2. En deuxième lieu, le collège des médecins de l'Office français pour l'immigration et l'intégration a estimé, dans un avis du 10 janvier 2023 dont la préfète s'est approprié le sens, que l'état de santé de M. A, ressortissant algérien née le 14 août 1968, nécessite une prise en charge médicale dont le défaut peut entraîner des conséquences d'une exceptionnelle gravité mais qu'il peut effectivement bénéficier d'un traitement approprié dans son pays d'origine et que son état de santé peut lui permettre de voyager sans risque vers ce pays. Les certificats et documents médicaux produits par le requérant ne sont pas suffisants pour remettre en cause cet avis en ce qui concerne la disponibilité des soins en Algérie et la possibilité de voyager sans risque pour sa santé. Par suite, doit être écarté comme non fondé le moyen tiré de la méconnaissance des stipulations du 7. du deuxième alinéa de l'article 6 de l'accord franco-algérien du 27 décembre 1968 modifié.

3. En troisième lieu, il résulte de ce qui a été dit aux points 1 et 2 que le requérant n'est pas fondé à exciper, à l'encontre de l'obligation de quitter le territoire français, de l'illégalité du refus de titre de séjour.
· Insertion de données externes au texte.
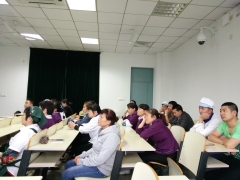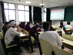 2017年4月24日,金融知识万里行之走进食堂后勤活动于下午14:00于纪忠楼教室开展。由志愿者分别介绍防诈骗知识及被诈骗后的应对措施。因为内容都是志愿者搜集到的后勤人员想要了解的知识,因而解答过程十分顺利,后勤人员认真聆听。

4. En dernier lieu, il résulte de ce qui a été dit aux points 1 à 3 que le requérant n'est pas fondé à exciper, à l'encontre de la décision fixant le pays de renvoi, de l'illégalité de l'obligation de quitter le territoire français.
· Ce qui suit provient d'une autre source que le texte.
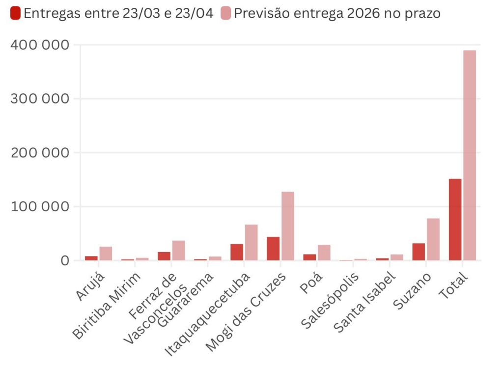 Entre os municípios, Itaquaquecetuba lidera em percentual de entregas, com 45,9% das declarações já enviadas — são 30.553 documentos de um total estimado de 66.491.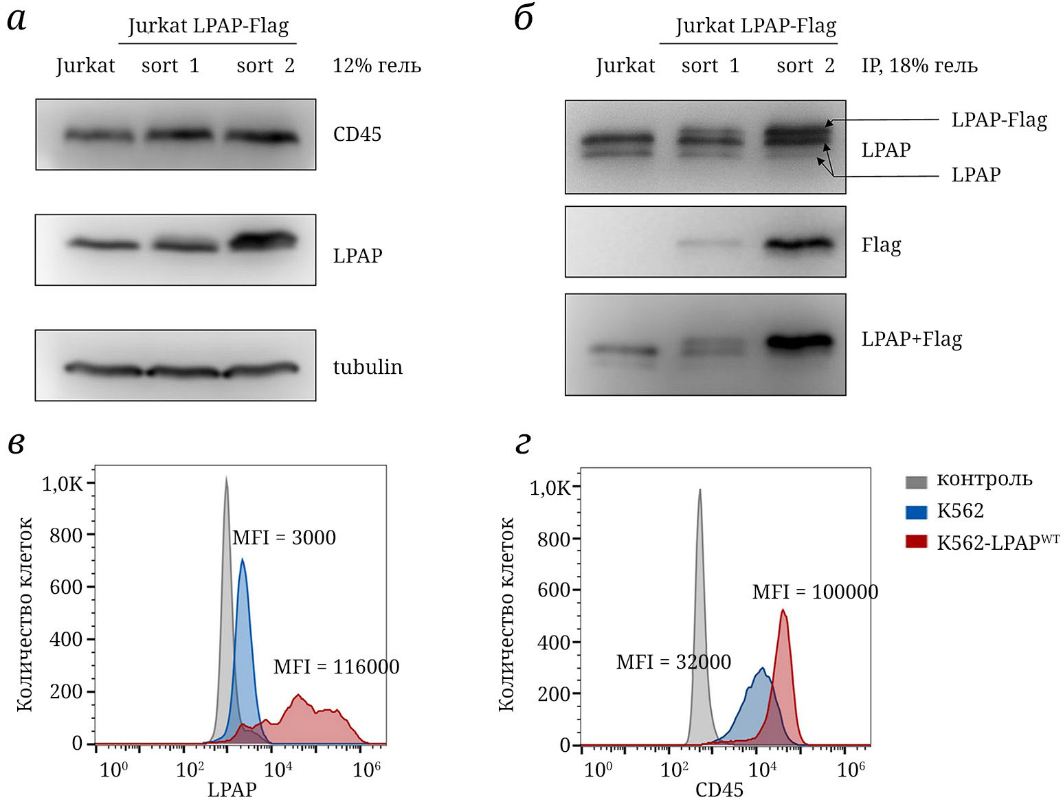 Рис. 3. В клетках с повышенной экспрессией LPAP уровень CD45 возрастает. а, б – Уровень белка LPAP анализировали в клеточных линиях Jurkat и Jurkat LPAP-Flag после первой и второй сортировки (sort 1 и sort 2). Клетки лизировали (а, б), белок LPAP или CD45 выделяли с помощью иммунопреципитации (IP) (б), образцы разделяли методом электрофореза в 12%-ном (а) или 18%-ном (б) геле, проводили Вестерн-блоттинг с указанными антителами. Нижний блот (б) окрашивали антителами против Flag и LPAP. Формы LPAP и LPAP-Flag указаны стрелками; в, г – экспрессия LPAP и CD45 на поверхности клеток K562 дикого типа, а также стабильно трансдуцированных LPAP-Flag

5. Il résulte de tout ce qui précède que M. A n'est pas fondé à demander l'annulation des décisions du 13 février 2023 par lesquelles le préfet du Rhône a rejeté sa demande de titre de séjour, l'a obligé à quitter le territoire français dans un délai de trente jours et a fixé le pays à destination duquel il est susceptible d'être éloigné. Par voie de conséquence, doivent être rejetées les conclusions de sa requête aux fins d'injonctions et celles à fin de mise à la charge de l'État des frais exposés et non compris dans les dépens dans les conditions prévues par les dispositions de l'article L. 761-1 du code de justice administrative et de l'article 37 de la loi n° 91-647 du 10 juillet 1991.

DÉCIDE :

Article 1er : La requête n° 2304801 est rejetée.
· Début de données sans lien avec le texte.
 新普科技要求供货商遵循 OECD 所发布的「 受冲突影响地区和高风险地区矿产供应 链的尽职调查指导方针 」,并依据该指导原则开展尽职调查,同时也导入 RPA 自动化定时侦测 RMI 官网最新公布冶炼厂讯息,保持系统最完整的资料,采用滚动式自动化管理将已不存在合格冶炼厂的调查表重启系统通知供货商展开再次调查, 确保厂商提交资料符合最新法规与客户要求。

Article 2 : Le présent jugement sera notifié à M. B A, à Me Bechaux et à la préfète du Rhône.

Délibéré après l'audience du 26 septembre 2023, à laquelle siégeaient :

- M. Drouet, président,

- Mme Maubon, première conseillère,

- M. Gilbertas, premier conseiller.

Rendu public par mise à disposition au greffe le 10 octobre 2023.

Le président rapporteur,

H. DrouetL'assesseure la plus ancienne,

G. Maubon

La greffière,

C. Amouny

La République mande et ordonne à la préfète du Rhône en ce qui la concerne ou à tous commissaires de justice à ce requis en ce qui concerne les voies de droit commun contre les parties privées, de pourvoir à l'exécution de la présente décision.